Orthotopen Aorten Transplantation mit der Sleeve-Technik reduziert Verletzungen der Aorta mit Ausfallrate von nur 10-20 %. Die Zeit, um die Aorta bei Mäusen mit der Hülse Methode anastomosieren war kurz und einfach durchschnittlich 20 min, schönem Studien von Iso/allo Transplantaten. Der folgende Artikel beschreibt die Aorta Transplantationsverfahren in unserem Labor verwendet. Die Mäuse wurden mit einer Mischung aus 1,5 % Volumen Isoflurane und 100 % Sauerstoff über eine Gesichtsmaske betäubt. An dieser Stelle wurde das Segment der Aorta zwischen der Nierenarterien und der Bifurkation von Vena Cava, frei vorbereitet und Clampedat getrennt die proximalen und distalen Segmente mit einer einzigen Seide Naht. Vor dem Entfernen der Aorta wurde eine Kochsalzlösung mit Heparin in der minderwertigen Vena Cava injiziert. Dann zwischen den Klemmen die Aorta geschnitten wurde und eine Kochsalzlösung Heparin-Lösung wurde verwendet, um das Lumen zu spülen. Der Sleeve-Technik mit monofile Fäden wurde verwendet, um die Bauchaorta im orthotopen Standpunkt zu verpflanzen.

Introduction

In einer früheren Studie hingewiesen, wurde großer Aufmerksamkeit auf murinen Aorten Transplantation Modelle gelegt die Unterscheidung zwischen bestimmten vaskuläre Reaktionen durch das Transplantat selbst verursacht und bestimmte systemische Faktoren, verbunden mit einer Arteriogenic Umgebung zu ermöglichen 1 , 2 , 3. der Hauptfaktor, der hier eine entscheidende Rolle spielt ist die Verfügbarkeit von Knockout und transgenen Mäusen. Ihre Beteiligung in einem solchen Modell bietet die Möglichkeit der Identifizierung und Bestimmung neue pathophysiologischen Wege im Zusammenhang mit der Entwicklung der degenerative Gefäßerkrankungen, wie Arteriosklerose und Aneurysma Bildung4, 5.

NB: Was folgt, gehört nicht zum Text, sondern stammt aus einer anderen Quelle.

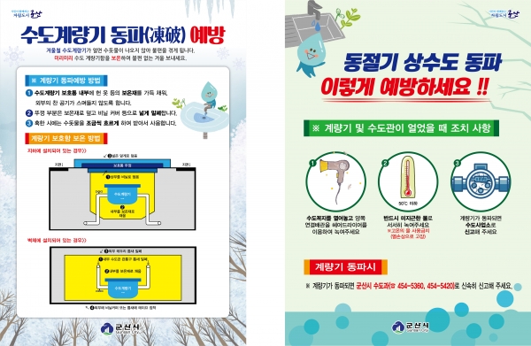 시는 본격적인 겨울 추위가 다가오기 전인 11월부터 전시 전광판 등 각종 매체를 통해 동파방지요령 등에 대해 홍보를 실시하고 동파예방요령에 대한 안내 전단지 2만매를 제작, 읍면동주민센터와 수도검침원 등을 통해 배포하기로 했다.
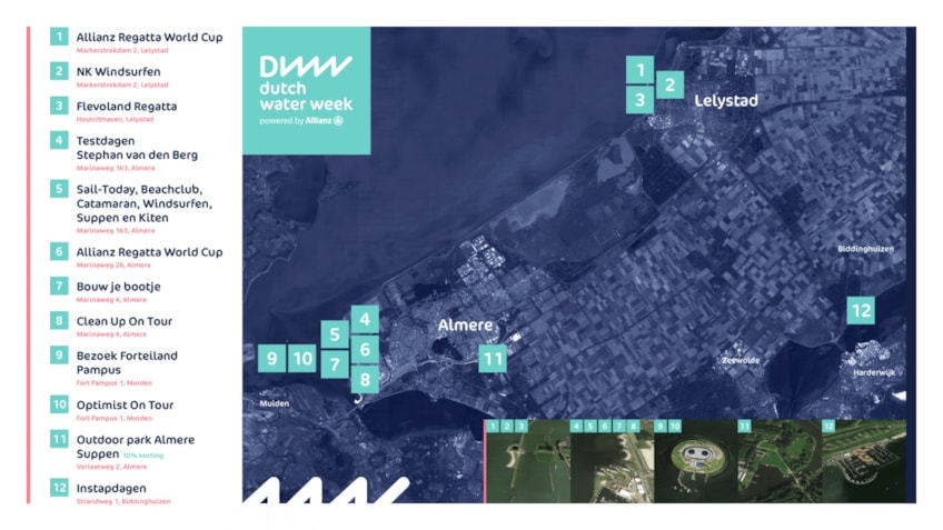 ALMERE- De Dutch Water Week vindt plaats tot en met 4 juni in Almere (Muiderzand), Lelystad (Bataviastrand) en Amsterdam (Marineterrein/Scheepvaartmuseuem). Het is een watersportfestival voor iedereen, met demonstraties van nieuwe urban watersporten, sup en kanotochten, opstapdagen, wedstrijden en allerlei clinics voor jong en oud. De hele week zijn er mogelijkheden om nieuwe watersporten uit te proberen, voor de kennismaker, de liefhebber, voor de relaxte en ook voor de fanatieke watersporter.
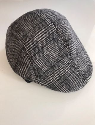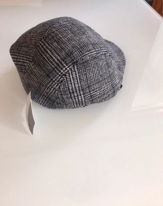 Gorra clásica con un diseño a cuadros. - Estilo flat cap o boina. - Incorpora orejeras para mayor protección. - Patrón de cuadros en tonos grises y negros. Nunca usada, con etiqueta. Talla 60
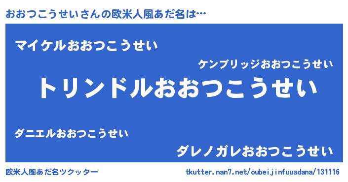 | 胡散臭い通販商品みたいなあだ名 | 『必ず成功するブレスレット…その名も「おおつこうせい」』 |
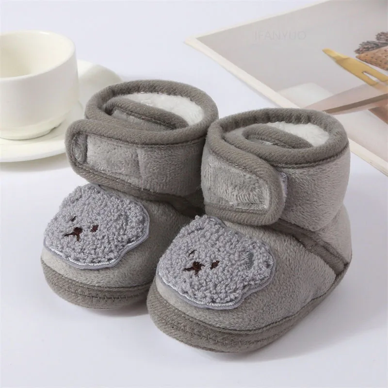 2024 New Baby Cute Shoes Children Soft Soled Walking Shoes Autumn Winter Cartoon Bear Newborn Infant Cotton Boots First Walkers
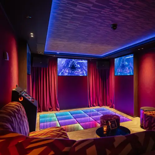 The Q Lounge bij Van der Valk Hotel Apeldoorn – De Cantharel is dé plek voor exclusief entertainment. Ontdek onze privébioscopen met Dolby Atmos-geluid of zing mee in onze karaokelounge met lichtgevende dansvloer.

Es ist erwähnenswert, dass während der Transplantation eine intrinsische Ischämie/Reperfusion Verletzungen der Gefäße für die Transplantation bestimmt auftreten kann. Daher kann nicht das Auftreten von spezifischen Problemen mit Transplantat Integrität oder eine unerwartete Entzündungsreaktion während der postoperativen Phase ausgeschlossen werden möglicherweise entgegensteht pathophysiologische Veränderungen der degenerative Gefäßerkrankungen3 ,4,5,6,7. Hülse Anastomose ist die alternative in einem Ende für arteriellen Anastomose von Schiffen mit einem Durchmesser von weniger als einem Millimeter und in Nieren- und Herz-Transplantation in Ratten die nachträglich angepasst wurde erfolgreich auf Aorten-angewendet wurde Transplantation bei Mäusen durch Dambrin Et al. 8 , 9 , 10 , 11.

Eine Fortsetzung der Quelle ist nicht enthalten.